【短編】平和

佐藤純

第1話 平和【前編】

「ロン!一盃口イーペーコードラ、もひとつドラ、役満だ!」

古びた雑居ビルの2階で、今日も大学生4人が麻雀に励んでいる。今は北野が勝ったようだ。


「クソっ!しかも親じゃねーか!」

北野のロンに振り込んでしまった東田は、苛立ちをぶつけるように、乱暴に点棒を引っ掻き回した。

手持ちの点棒を掴み取り、「とんだぜ!!今日はついてねぇ。」と北野の目の前に投げつける。


「おいおい、点棒にあたるな。たかだかゲームに一喜一憂するのはだらしないぞ。」

投げつけられた点棒を回収し、北野はひょうひょうと評する。


「北野、そこまでにしとけ。」

目の前の牌をジャラジャラと混ぜながら、東田の対面に座る西田がたしなめる。言外には、東田がまためんどくさくなるからやめとけ、というニュアンスを含んでいた。


北野は、そのニュアンスを汲み取ったのか、軽く息を吐いて、椅子に座りなおした。

「今日は負ける気がしない。もう半荘するか?」


北野はその宣言通り、意気揚々と牌を並べ始めるが、対面に座っていた南野がすっと立ち上がった。


「すまん、これからちょっと用事があるんだ」


「そうなのか?華祥で軽く食べようと思ってたのに。」

雀荘の一階に構える中華料理屋の名前を出し、北野は南野を引き止めようとした。


「あぁ、ごめん。また今度な。今日の酢豚はどんなだったか後で教えくれ。」

南野は中華料理と天秤にかけるまでもないのだ、ということをやんわりと伝え、代わりに、行くたびに味が変わる名物酢豚の感想を求めて帰る準備をする。


「そういえば、あの中華料理屋!こないだ酢豚にパイナップル入れてやがった!」

酢豚で思い出したのか、東田が悪態をつく。


「嫌いなのか?酢豚にパイナップル。俺はあり派だけどな。」

北野がまたしてもひょうひょうと意見をのべる。


現代人類の二代戦争の一ついってもいい酢豚パイナップル論争だが、ここで火種が勃発か?と、ニヤっとしながら西田が少し前のめりになる。
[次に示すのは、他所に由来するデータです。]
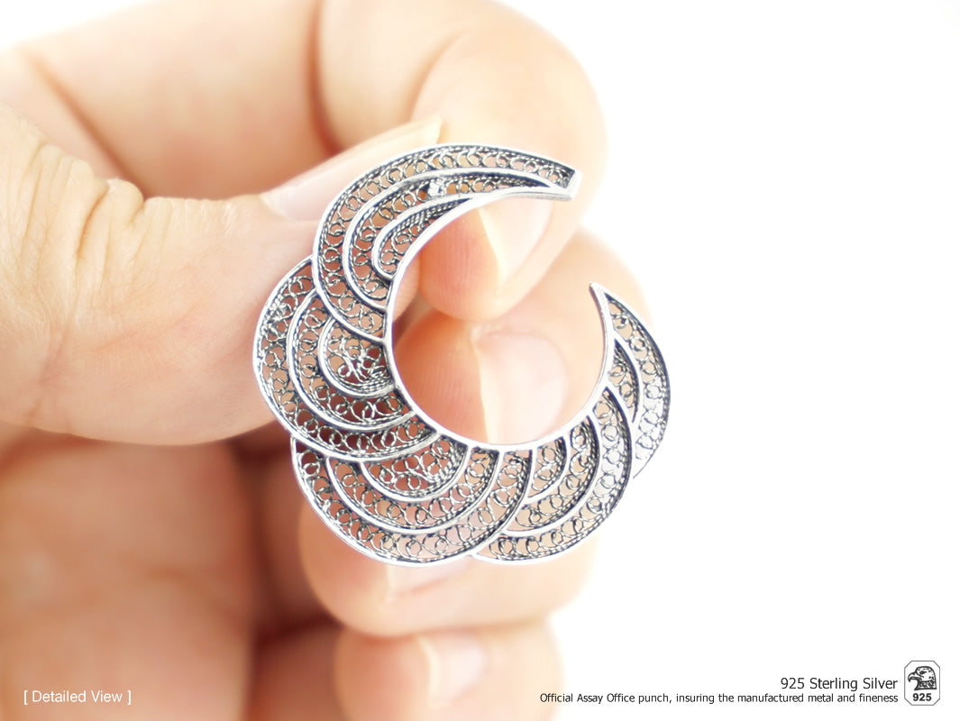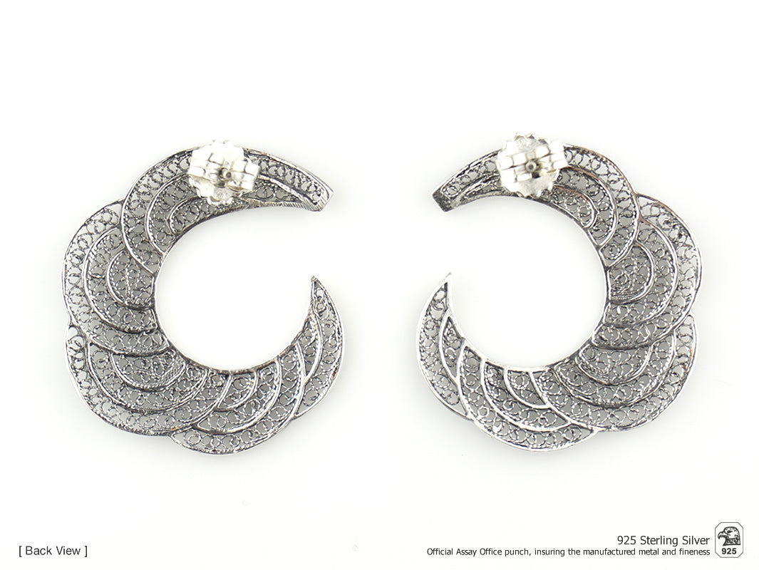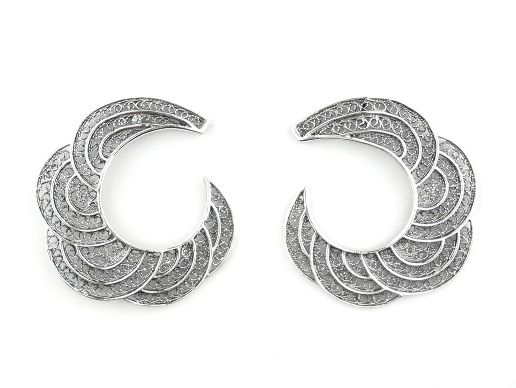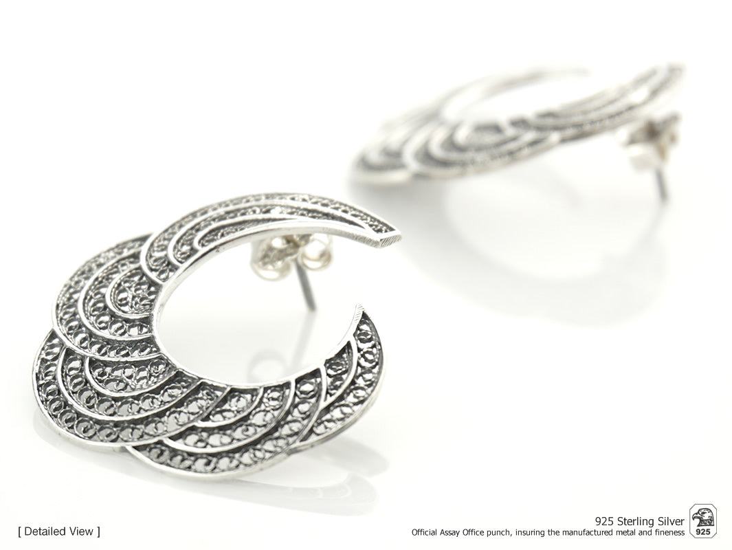 Boucles D’Oreilles Couronne Ouverte aux Circles, Filigrane Portugaise, Argent 925

俺たちのような崇高で暇な大学生は、使い古されて手垢まみれの話題でも、自分達が話せば全然違う新鮮な料理に早変わり、と信じているのだ。


「いや、なんかアレルギーなんだ。」

苦虫を噛み潰したような顔で東田は答える。


「パイナップルにもアレルギーあるんだな。」

勃発すると思った戦争は、あっけなく終了した。この手の論争は、あくまでどちらも単品素材として好きな者同士でするのが一番楽しいものだ。


「じゃあ、帰るよ。」

帰る支度をすっかり終えた南野が出口に向かっていった。


――


外に出ると雪が降っていた。

ビシャっとしたまとまりのない雪が、頬に当たってすーっと落ちる。土と混ざったドロドロの雪を踏みしめながら、近くの下宿への帰路に着く。シンと静まり返った深夜の街に、救急車のサイレンが遠くの方でけたたましく響いているのが聞こえた。


寒い、と思ってコートのポケットに手をいれると、百点棒が入っていた。どうしようかな、と思案して立ち止まったが、来た道を戻ろうとはしなかった。まぁいいだろう。きっと今日はそれどころではない。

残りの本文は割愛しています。